Le baryton Raynal a terminé ses épreuves à Gand dans la Reine de Chypre, après avoir chanté le Trouvère et le Barbier. — « M. Osmond-Raynal, — lisons-nous dans le Nouvelliste de Gand, vint donner une douzaine de représentations sur notre scène, en 1855, pendant qu'il était attaché au Théâtre Royal d'Anvers. Il y joua le Barbier, le Billet de Marguerite, Si j'étais roi !, Lucie, la Reine de Chypre et la Favorite, avec le plus grand succès. L'artiste fut attaché plus tard au Théâtre-Lyrique, où il créa le rôle de Valentin, de Faust. Au mois de juillet dernier, il faisait partie de la troupe lyrique du théâtre de la Porte-Saint-Martin, avec Guillot et Mlle Balbi. — Raynal s'est acquitté du rôle de Figaro en chanteur très habile et comédien de beaucoup d'esprit. Sa voix n'a pas un bien grand volume, mais il la conduit fort bien, et s'est fait favorablement accueillir. Au courant du répertoire tout entier, l'artiste pourra rendre à la troupe de M. Vachot des services signalés. » En effet, jeudi, Raynal a chanté la Favorite avec autant de talent que de succès au milieu des applaudissements partagés par Henry Picot et Mme Bourgeois. On pense que l'administration remontera pour lui Richard Cœur de Lion, qu'il a chanté au Théâtre-Lyrique avec un succès de plus de cent représentations, et qu'on lui a de nouveau demandé à Bade, la saison dernière, alors que Félix Mornand écrivait après l’Epreuve villageoise : « Raynal a tout simplement une des plus jolies voix de baryton que je connaisse, voix jeune, fraîche, timbrée et souple… »

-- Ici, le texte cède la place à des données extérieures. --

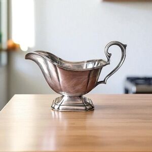 Add timeless elegance to your dining table with this beautiful vintage silver-plated gravy boat. Featuring a gracefully curved spout, paneled body, and detailed scroll handle, this piece reflects early to mid-20th-century craftsmanship. It rests securely on a scalloped pedestal base, perfect for serving gravies, sauces, or au jus at formal dinners or festive gatherings.
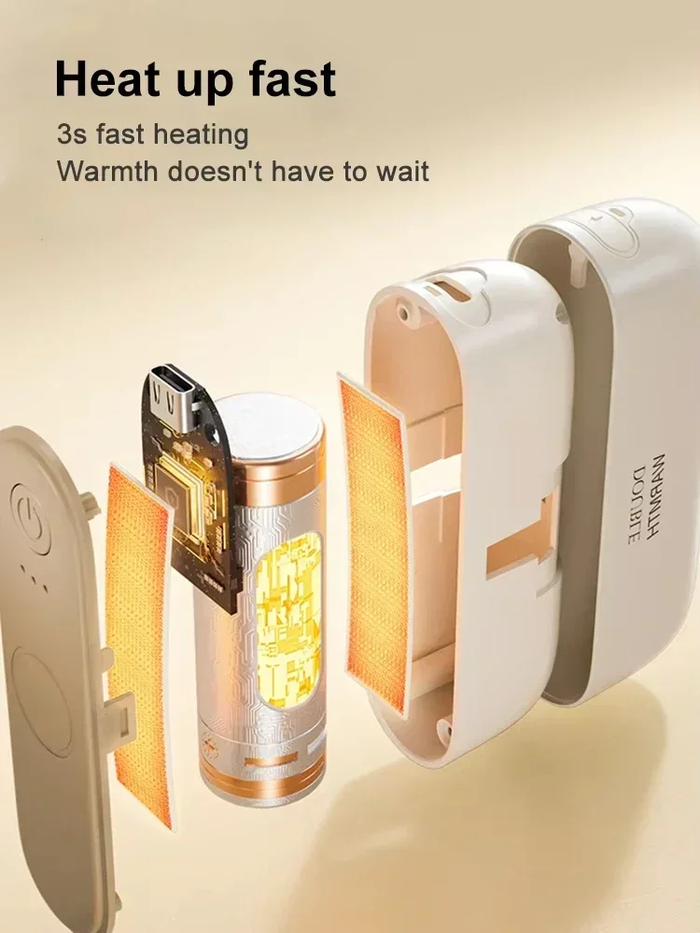Долгоиграющий аккумулятор: Единая грелка оснащена перезаряжаемым аккумулятором на 5000 мАч, способным проработать до 8 часов непрерывно. Или же можно воспользоваться ею как powerbank, заряжая телефон или другое устройство.
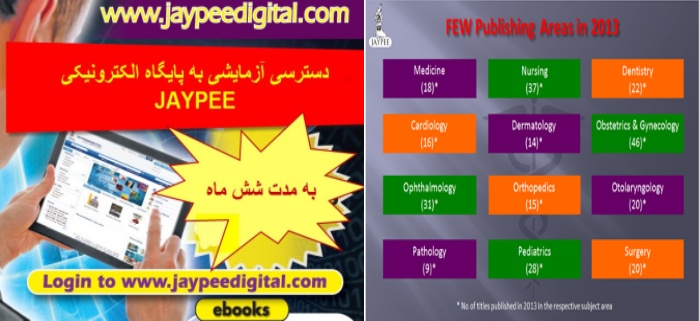 •·         JAYPEE DIGITAL محل دسترسی محصولات الکترونیکی ناشر شامل کتب الکترونیکی، ژورنال و ویدئوهای آموزشی پزشکی است.
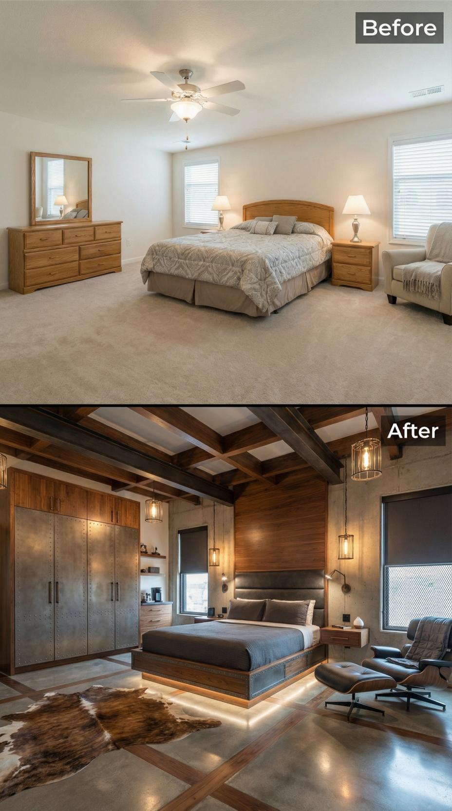Exposed wooden beams and metal accents transform this bland builder-grade bedroom into a sophisticated industrial retreat. Custom built-in wardrobes with metal detailing replace basic furniture, while pendant lighting and rich textures create dramatic ambiance. The floating platform bed anchored by a leather accent wall establishes a striking focal point that completely reimagines the space’s potential.

(la Comédie, 20 novembre 1864)

 

 

Un brave et excellent artiste, très connu et très aimé du public parisien d'il y vingt-cinq ans, le baryton Raynal, s'est éteint cette semaine obscurément, en laissant sa veuve dans une situation des plus précaires. Raynal avait fait d'heureux débuts au Théâtre-Lyrique en 1858, et c'est à lui que, l'année suivante, M. Gounod avait confié dans son Faust le rôle si intéressant de Valentin, qu'il avait créé de la façon la plus intelligente. Pendant plusieurs années il tint une place importante dans le répertoire, et les habitués du Théâtre-Lyrique l'avaient pris en véritable affection. Cependant, un beau jour, il partit pour la province, n'ayant pas été réengagé, et alla tenir son emploi dans diverses grandes villes. Mais l'âge arriva, et avec lui la fatigue de la voix ; l'artiste brillant d'autrefois n’était plus lui-même, et, pour comble de malheur, ses pauvres petites économies disparurent dans une mauvaise affaire. M. Carvalho recueillit alors Raynal à l'Opéra-Comique, où dans ces dernières années il était réduit à jouer quelques coryphées sans importance.

(le Ménestrel, 27 septembre 1885)

 

 

Monnaie de Bruxelles, 1853-1854.

Osmond Raynal porté sur le tableau de troupe en qualité de baryton, est le créateur, au Théâtre-Lyrique, du rôle de Valentin dans Faust. Il ne réussit pas, courut la province, et finit par mourir misérablement, en 1885, coryphée à l’Opéra-Comique. Il arriva même, à ce propos, un incident assez curieux : le révolutionnaire Lisbonne « ex-forçat », auteur dramatique et limonadier, qui fonda la Taverne du Bagne, les Pommes de terre frites, etc., était, au moment de la mort de Raynal, directeur d’une scène minuscule, connue à Paris sous le nom de Bobino. Il organisa un « bénéfice » pour la veuve, et fit imprimer, dit-on, des affiches ainsi conçues :

 

Représentation au bénéfice de la veuve de

RAYNAL

MORT DE FAIM

Au service du Théâtre National de l’Opéra-Comique

 

L’autorisation d’un tel affichage fut refusée.

Reynal est remplacé, à la Monnaie, par Carman, déjà connu.